# Mirtazapine (Remeron) question



## meridian (Feb 3, 2008)

I have been taking mirtazapine 30mg for a couple of months and have found it has helped a lot with my sleep, appetite, depression, and generalized anxiety. Best of all it doesn't have any troublesome side effects (eg sexual problems) and it is the only antidepressant I seem to tolerate (I found SSRIs too activating). However, my social anxiety is still a problem.

I was thinking of increasing the dosage and was wondering what other people's experience was in taking a 45mg dose. On Wikipedia it says that as the dosage increases the less sedating it is supposed to be. Is this what others have found or did the drowsiness also increase. Does increasing the dose help the social anxiety symptoms or is it just more of the same effect.
Any feedback would be much appreciated.


----------



## nenad (Jan 3, 2008)

I had a similar experience with Mirtazapine. Thinking increasing the dose might do more for SA i went up to 60mg. It didn't, it only increased the side effects with minimal benefits. At 60 mg it had significant sexual side effects. The sedation was similar at 30 to 60 mg.


----------



## meridian (Feb 3, 2008)

Thanks nenad. Are you still taking it or did you find something more effective?

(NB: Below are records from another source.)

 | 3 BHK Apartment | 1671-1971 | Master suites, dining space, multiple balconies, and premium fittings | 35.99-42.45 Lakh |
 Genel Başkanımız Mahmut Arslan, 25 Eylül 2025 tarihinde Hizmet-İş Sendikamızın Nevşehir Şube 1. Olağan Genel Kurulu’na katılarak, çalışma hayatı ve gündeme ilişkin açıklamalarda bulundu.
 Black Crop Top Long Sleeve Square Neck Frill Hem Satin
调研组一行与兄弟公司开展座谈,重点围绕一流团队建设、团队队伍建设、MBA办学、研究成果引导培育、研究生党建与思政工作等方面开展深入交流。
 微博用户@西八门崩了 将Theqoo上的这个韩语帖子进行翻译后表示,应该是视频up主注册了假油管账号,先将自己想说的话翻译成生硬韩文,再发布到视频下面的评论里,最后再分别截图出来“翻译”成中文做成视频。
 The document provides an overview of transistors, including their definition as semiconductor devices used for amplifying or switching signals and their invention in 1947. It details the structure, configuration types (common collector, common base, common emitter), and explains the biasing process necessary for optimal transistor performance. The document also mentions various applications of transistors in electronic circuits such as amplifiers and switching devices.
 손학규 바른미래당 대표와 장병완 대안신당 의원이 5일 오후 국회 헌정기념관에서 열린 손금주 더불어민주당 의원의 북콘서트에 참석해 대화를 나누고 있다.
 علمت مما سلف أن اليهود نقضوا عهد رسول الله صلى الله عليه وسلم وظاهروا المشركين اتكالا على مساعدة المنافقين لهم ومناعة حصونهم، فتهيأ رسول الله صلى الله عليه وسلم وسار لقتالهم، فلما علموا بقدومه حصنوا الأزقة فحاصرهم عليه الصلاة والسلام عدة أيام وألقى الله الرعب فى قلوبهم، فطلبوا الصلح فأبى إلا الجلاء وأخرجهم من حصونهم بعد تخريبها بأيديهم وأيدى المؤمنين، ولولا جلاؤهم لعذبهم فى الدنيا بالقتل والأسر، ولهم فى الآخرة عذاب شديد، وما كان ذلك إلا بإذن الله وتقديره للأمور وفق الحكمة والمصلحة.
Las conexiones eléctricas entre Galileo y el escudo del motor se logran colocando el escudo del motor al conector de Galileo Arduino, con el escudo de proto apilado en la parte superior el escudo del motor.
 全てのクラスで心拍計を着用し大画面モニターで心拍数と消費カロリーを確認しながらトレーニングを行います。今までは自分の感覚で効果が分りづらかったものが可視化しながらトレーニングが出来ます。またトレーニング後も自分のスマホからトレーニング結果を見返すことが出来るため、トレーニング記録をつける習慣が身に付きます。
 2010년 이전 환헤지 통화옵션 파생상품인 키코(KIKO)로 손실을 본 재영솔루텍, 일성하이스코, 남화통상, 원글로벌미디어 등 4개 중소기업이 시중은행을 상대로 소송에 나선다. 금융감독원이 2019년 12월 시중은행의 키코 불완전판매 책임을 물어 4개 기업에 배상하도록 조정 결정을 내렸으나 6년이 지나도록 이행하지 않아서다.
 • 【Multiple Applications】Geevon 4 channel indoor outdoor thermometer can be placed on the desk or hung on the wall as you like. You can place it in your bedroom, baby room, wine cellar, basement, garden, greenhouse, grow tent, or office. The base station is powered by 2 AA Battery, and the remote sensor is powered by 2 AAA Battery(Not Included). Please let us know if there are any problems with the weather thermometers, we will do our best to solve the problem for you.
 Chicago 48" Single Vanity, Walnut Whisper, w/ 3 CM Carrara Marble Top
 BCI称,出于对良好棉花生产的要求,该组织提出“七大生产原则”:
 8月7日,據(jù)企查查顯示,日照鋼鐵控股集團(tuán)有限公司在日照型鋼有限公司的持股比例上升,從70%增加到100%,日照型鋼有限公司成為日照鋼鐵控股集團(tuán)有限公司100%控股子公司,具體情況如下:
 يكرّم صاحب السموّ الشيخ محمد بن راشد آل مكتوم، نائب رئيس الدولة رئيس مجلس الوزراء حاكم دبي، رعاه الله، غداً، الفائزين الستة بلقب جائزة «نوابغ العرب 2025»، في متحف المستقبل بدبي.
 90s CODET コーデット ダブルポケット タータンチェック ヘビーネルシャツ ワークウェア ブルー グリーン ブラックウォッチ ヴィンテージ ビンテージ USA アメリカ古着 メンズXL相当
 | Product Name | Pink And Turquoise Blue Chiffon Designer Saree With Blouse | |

If you did stop taking it, was it hard to come off?


----------



## redkit (Mar 14, 2006)

try a benzo for SA. mirtazapin is useless.


----------



## Noca (Jun 24, 2005)

Remeron is a wonderful drug if you have sleep problems. No sexual side effects. Its more powerful than SSRI's as it works a different way and i think it effects all neurotransmitters.

I personally couldnt handle the excessive drowsiness.


----------



## mranonhello (Nov 13, 2003)

More of it was less sedating for me. I only tried it twice once at 15 MG and then once at 30MG. For me this drug was so sedating that I could not function on it at all. There was a definite decrease it it when I doubled the dosage, but It was still so much that I could not function on it.


----------



## nenad (Jan 3, 2008)

meridian said:


> Thanks nenad. Are you still taking it or did you find something more effective?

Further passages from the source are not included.